Im Laufe der Jahre haben wir sowohl Fortschritte als auch Rückschläge erlebt. Umweltverschmutzung und Meeresmüll stellen heute eine größere Bedrohung dar als zu Beginn meiner Tätigkeit vor 15 Jahren. Während in der Vergangenheit die meisten Rettungsfälle im Zusammenhang mit der Fischerei standen, müssen heute die meisten Schildkröten aufgrund der Auswirkungen der Umweltverschmutzung behandelt werden, oft weil sie sich verfangen oder Gegenstände oder Kunststoff verschluckt haben.
Gleichzeitig spiegelt die Zunahme der Schildkrötennester an unseren Orten die Auswirkungen der Erwärmung des Mittelmeers und den Bedarf der Schildkröten an höheren Temperaturen für die Embryonalentwicklung der Eier wider.
Glücklicherweise haben diese Lebewesen eine große Elastizität und Widerstandsfähigkeit. Sie passen sich den Veränderungen an und besiedeln neue Gebiete. Unsere Unterstützung erleichtert diese Anpassung, beschleunigt den Übergang und fördert das Überleben dieser Arten in einer sich verändernden Meeresumwelt. 
Allerdings bestehen nach wie vor Bedrohungen für das Überleben durch Umweltverschmutzung.
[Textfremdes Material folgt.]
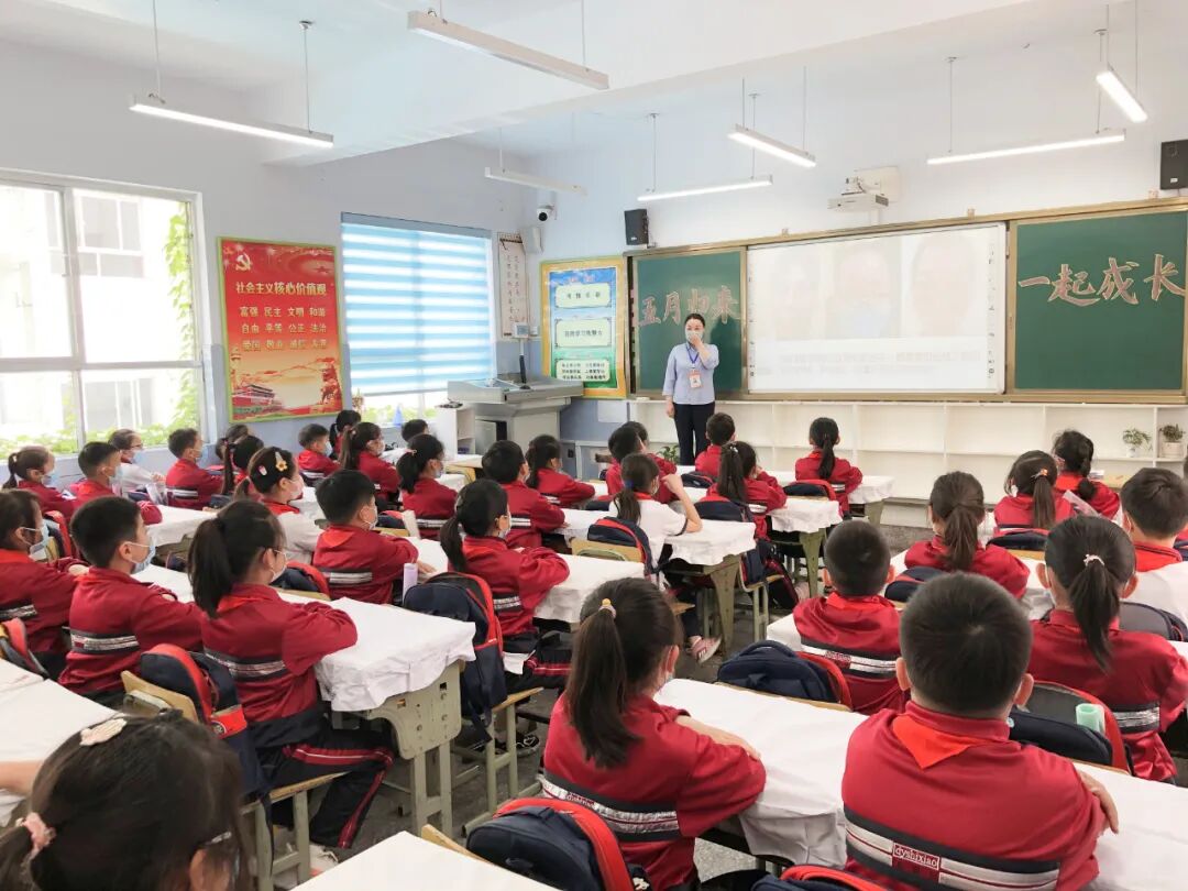 小身板蕴大能量,口罩不遮读书声。新学期以新的方式开展新的学习,学生们同样劲头十足。国学诵读、经典诗词、课本美文、防疫童谣,句句醉心再入耳已是初夏,好学之人仍处少年。大队辅导员张老师通过广播向学生们提出了校内防疫注意事项,寄语新希望,努力获新收。

Wir versuchen dies mit Gegenmaßnahmen und anderen uns zur Verfügung stehenden Mitteln zu verringern. Aufgrund der hohen Sterblichkeitsrate der Jungtiere erreichen nur wenige das Erwachsenenstadium, und wenn sie dann durch Kunststoffabfall getötet werden, wird es problematisch, konkrete Ergebnisse zu erzielen.  Jedem Nachteil muss entgegengewirkt werden.
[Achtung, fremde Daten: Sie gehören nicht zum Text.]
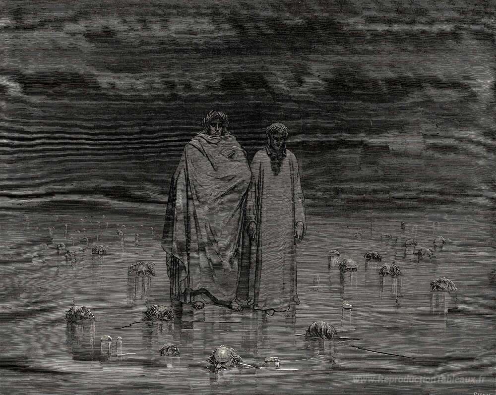Nous vous proposons une reproduction artisanale sur toile du célèbre tableau 'L'Infer, Canto 32' de Gustave Dore, provenant du Musée de la Reproduction.

Was sagen Ihnen die Analysen an biologischen Geweben?
Wir haben mehrere Forschungsprojekte, darunter auch ein brandneues Projekt mit der Polytechnischen Universität der Region Marken, das soeben veröffentlicht wurde. Wir haben zum ersten Mal in der Welt das Vorhandensein von Mikroplastik im Dotter und in der Leber des Embryos von unausgebrüteten Eiern untersucht. Nun werden sehr aufwändige Nachuntersuchungen erforderlich sein. Wir müssen zum Beispiel herausfinden, ob sich diese Mikroplastik im Nest der Mutter befand und von der Mutter stammen, während sie das Ei bildete.
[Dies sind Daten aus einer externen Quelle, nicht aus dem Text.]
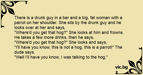 There is a drunк guy in a bar and a big, fат woman with a parrot on her shoulder. She sits by the drunк guy and he looks over at her and says,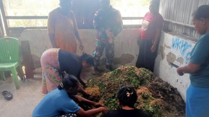 Babinsa Bersama PKK Desa Umaklaran Laksanakan Praktek Pembuatan Pupuk Bokashi

Welche Pläne haben Sie aufgrund Ihrer Erfahrungen und Erfolge für die Zukunft?
Parallel zu unseren Rettungs-, Bergungs- und Rehabilitationsmaßnahmen wollen wir mit unseren Sommerinitiativen neue Wege beschreiten, um das Bewusstsein zu fördern.
Wir integrieren Studenten aus ganz Italien in unser Team und nutzen die in der Maremma verfügbaren Einrichtungen für unseren „TartaCamp“. Hier binden wir junge Menschen und Touristen in die Patrouillen an den Stränden ein, bringen ihnen bei, Schildkrötennester zu erkennen und sorgen dann für einen angemessenen Schutz und Überwachung. Wir fördern Initiativen zur Informations- und wissenschaftlichen Verbreitung, um über bewährte Praktiken zum Schutz der Meeresumwelt und zur Erhaltung der biologischen Vielfalt aufzuklären.
Unsere Tätigkeit ist, wie auch auf dem Campingplatz PuntAla gezeigt, eng mit Umwelterziehung und Sensibilisierung verbunden, denn zum Schutz dieser Meeresart reicht es nicht aus, einzelne Exemplare oder Nester zu retten, sondern es ist notwendig, den Lebensstil der Menschen zu ändern. Daher nutzen wir unsere Aktivitäten vor Ort als Mittel, um einen Wandel im Denken und in den Gewohnheiten der Menschen zu fördern.
Wir empfehlen nicht nur eine Verhaltensänderung, sondern beziehen die Menschen mit ein, indem wir sie an Aktivitäten wie dem Freilassen einer Schildkröte oder der Geburt von Jungtieren beteiligen. Schildkröten sind einfühlsame Tiere und die Beteiligung an diesen Veranstaltungen fördert das Bewusstsein unsererseits und der an diesen Aktivitäten beteiligten Gruppen.